Tuesday, April 13, 2010

Entry 44

Genre: YA Fantasy

For your consideration is STRANGE SOBRIQUET, my 95,000-word novel of young adult fantasy adventure set in an alternate early-twentieth century Europe.

What if you were a teenager, capable of drawing strength from the latent energy in your world -- and others -- but could literally be remembered for no more than 15 minutes? What would make you care enough to continue on as a hero?

This responsibility of protector could prove too much for sixteen-year-old Gabriel. An assistant to the world’s greatest Warden, the boy's been sheltered for years, his parents' identities kept secret and his gifts untapped. That is, until the day cloaked men, bearing the mark of a long-extinct evil called the Sundu, attempt to kidnap the King's strong-willed daughter. During a routine errand for his master, Gabriel intercepts the Sundu and thwarts the kidnapping.
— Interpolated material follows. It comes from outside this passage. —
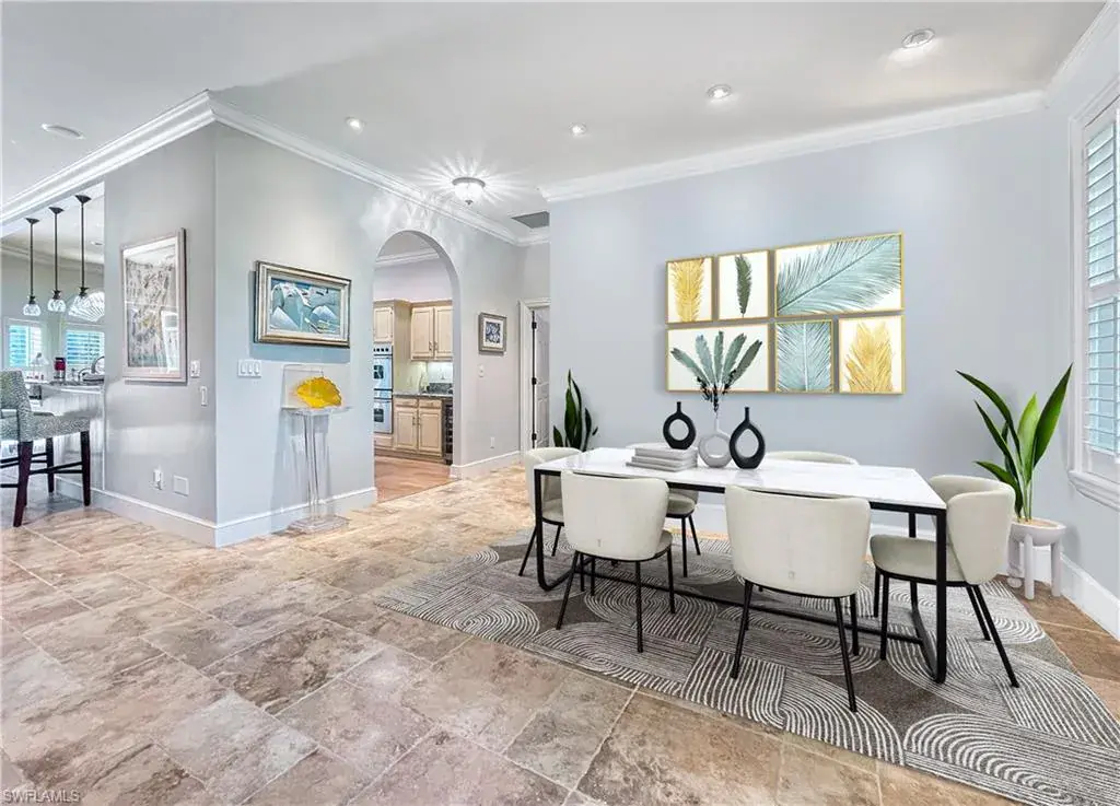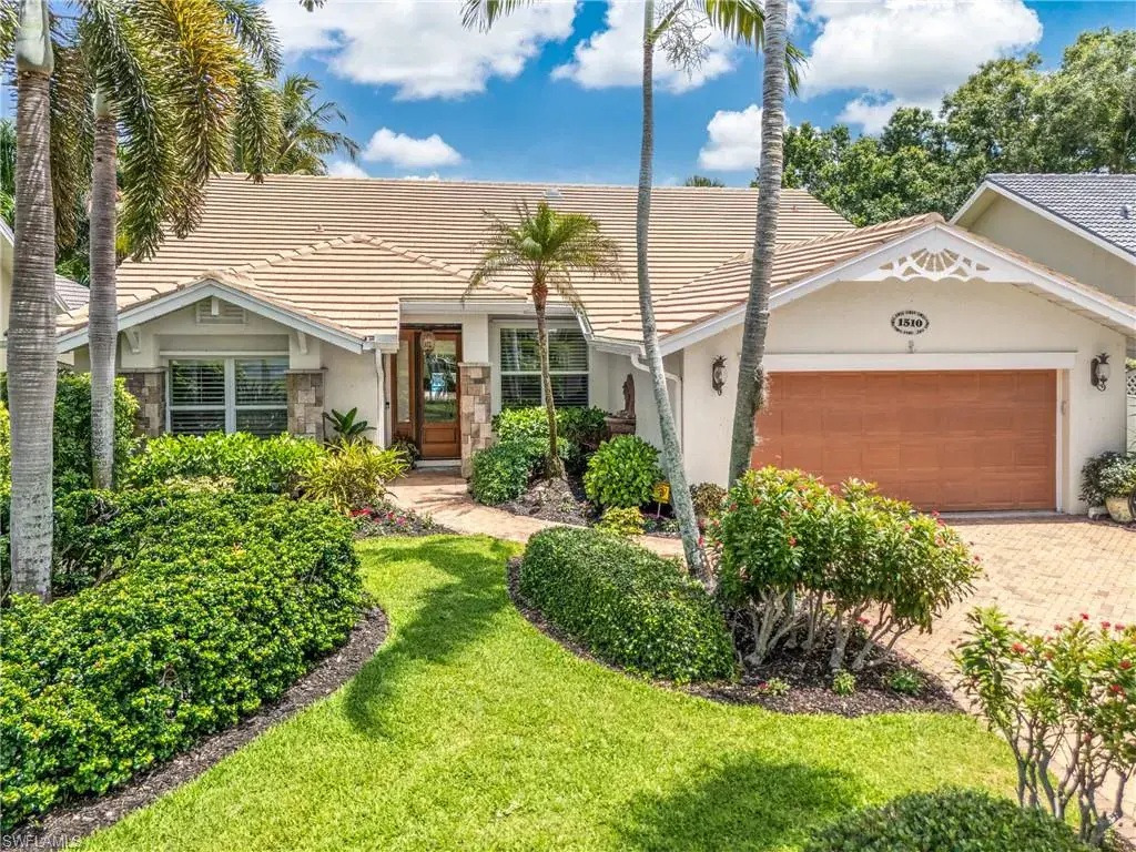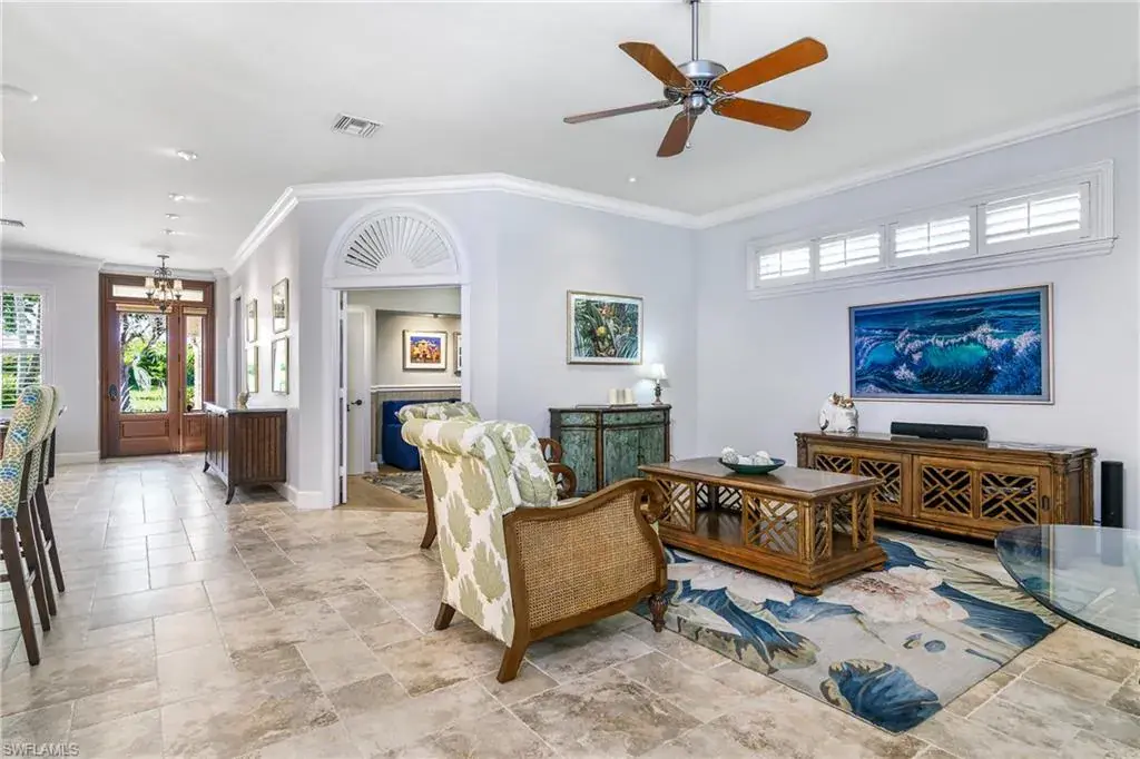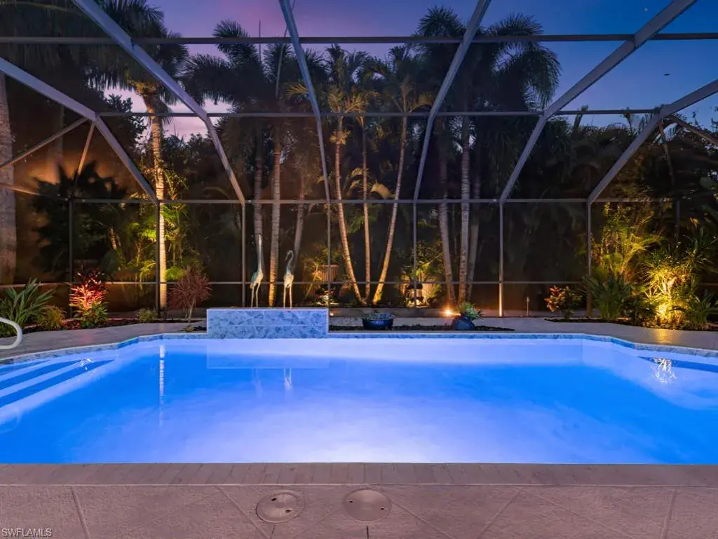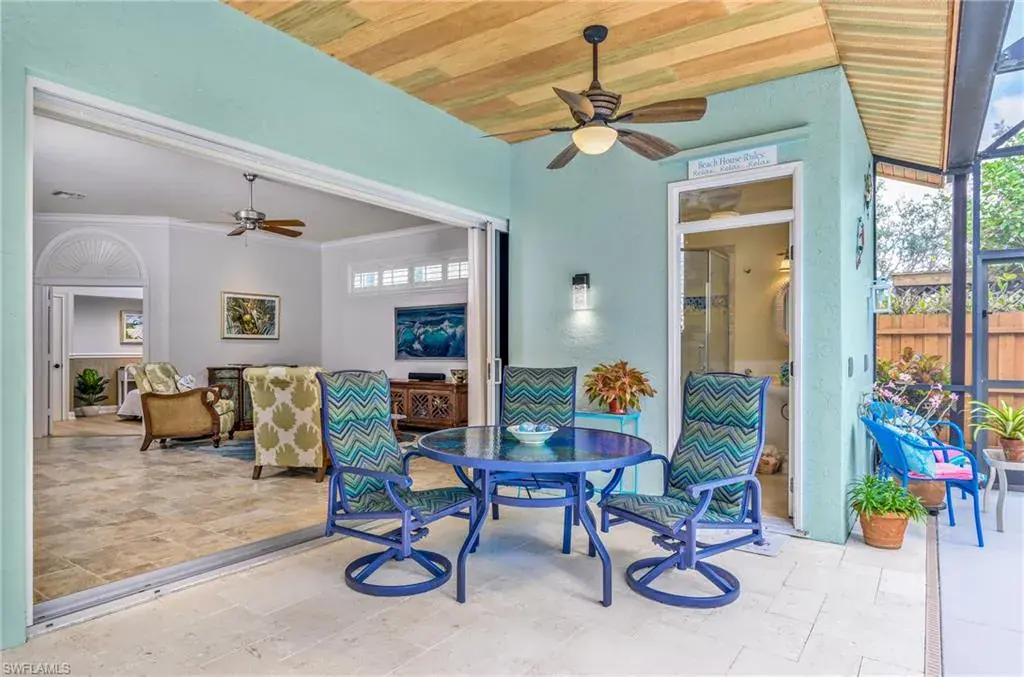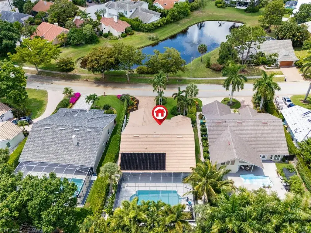 LOCATION! Just reduced $75K Bike to Seagate beach or Waterside Shops, Royal Poinciana CC or CC of Naples from this charming residence, minutes to Venetian Village, Mercato or Old Naples! Built for entertaining your family and friends with wide open floorplan, this residence lives large, open and bright with 10′ ceilings! Radiating an upscale Key West ambiance with Ashlar-pattern Italian porcelain tile, code windows and doors, plantation shutters and 6.5″ base and crown moldings. Pocket sliding doors hide to access a private expansive pool deck with a 36′ long caged saltwater lap pool, electric and solar heat and a Solar winter blanket, ensuring year-round enjoyment. Fenced on two sides, you are surrounded palm & flowering fruit trees with night time landscaping lighting. The expansive 41′ covered lanai features faux wood ceilings and lush landscaping. The pool and deck were upgraded in Feb ’24 with a new Pentair light system, re-surfacing, waterline tile, and coping. The huge kitchen is a gourmet chef’s dream! Gas and electric ranges, Subzero Refrigerator, Wine cooler, Bosch DW & Monogram double ovens. Two breakfast bars have granite/quartz counters. With charming cottage curb appeal, this residence lives larger than the square footage shows, nestled in an enclave of 52 single-family homes offering a community pool and tennis, excellent schools, meandering streets and sidewalks, ponds, and low fees. Other features include a Brick paver driveway, a newer roof 2019, AC 2021, a monitored alarm system, a professional lighting system for art, new pool screens and a high-end surround sound system. Bedroom 2 has a custom built-in office space, a queen-size Murphy system & tons of storage with custom closets throughout. New Pool screens and no storm damage or flooding. Engineered wood floors in kitchen and BR #3. Home inspections completed and available upon request. Don’t let the small square footage fool you! Seeing is believing especially at night!

But the princess is not the only one under attack. The Sundu target all of the Cirri Children, prophets with a gemstone birthmark of royalty, in the hopes of harvesting the children's stones and unlocking an evil that will complete their return.

While the King deploys the Wardens and other allies on a mission to save the children, Gabriel is ordered to stay behind. Nearly everyone fears what will become if he discovers his powers -- all the pedigreed scholars and wizards unable to see the lines, let alone the ends, of his future. It is only after the King learns of Gabriel's budding romance with the princess that he is sent out with the others. His aim may be to rescue the children, but once outside the care of those who had protected him, he'll need all his abilities just to salvage his own identity.

I’m an award-winning marketing communications professional, which I believe could be an asset in marketing STRANGE SOBRIQUET. Furthermore, my fiction has received recognition from Writers of the Future. And I’m a graduate of Viable Paradise, where I studied with scifi and fantasy luminaries, including Patrick Nielsen Hayden and John Scalzi.

I appreciate you reading the query for STRANGE SOBRIQUET and considering representation. The full manuscript is available at your request.


  1. Just a note, I've read that starting a query off with a rhetorical question is bad form. You've got an interesting voice, but the query could stand to be shorter and less vague.

  2. I agree rhetorical questions are frowned upon, plus the questions make me wonder about portions of your manuscript. For example how can he not be aware of his powers if no one remembers him after fifteen minutes or how can he have a budding romance, if she can't remember him. It may not kick in until he embraces his powers, but this still causes more questions that would likely lead to a rejection.

    Try tightening up the query a little bit--focus on Gabriel's mission, and what is causing him to lose his identity.

    The story sounds intriguing, but I need to understand it more. Good luck!

  3. Agree about the rhetorical questions. The problem with them is that the reader is always tempted to give a snarky response.

    I know space is limited, but I'd love to get more of a sense of what this alternate Europe is all about. How does it diverge from our world? For example, "set in an alternate early-twentieth century Europe where WWI never happened and kings and queens still hold absolute power."

    Also, please be clearer on what Gabriel's power is, because I think you have a really interesting concept there, but I'm not sure how exactly his power works.

    Best of luck!

  4. I agree with the others. Lose the rhetorical questions. You need to work that information into the body of the query. Also, I found myself wanting to skim by the time I hit the third paragraph, with a whole lot of story left to go. There's too much information here.

    I would stick to the bare bones of Gabriel's story. This revision will probably be too minimal for your taste, but it might be a starting point:

    "In an alternate past, sixteen-year-old Gabriel didn't know he had the power to draw latent energy from the world until he was at the right place at the wrong time and rescued a princess--one of the Cirri Children. Now the king has deployed Gabriel and the rest of the Wardens to save the other Cirri Children, and keep Gabriel away from pursuing romance with his daughter.

    Unsheltered in the world for the first time, Gabriel must use all his abilities to save not just the Cirri, but himself."

    Like I said, very minimalist, but you need to be able to pare any story down to just a few sentences if necessary.

    Best of luck to you!

  5. Jamie Weiss ChiltonMay 10, 2010 at 10:22 AM

    I recommend omitting the questions in your first paragraph, and working in the relevant information another way.

    I'd like to see this plot boiled down more to its essence. I know it's very tricky to do that with a complex fantasy world, but there's so much detail in this query it's a bit overwhelming.

    Nice work -- a bit more streamlining and you're there.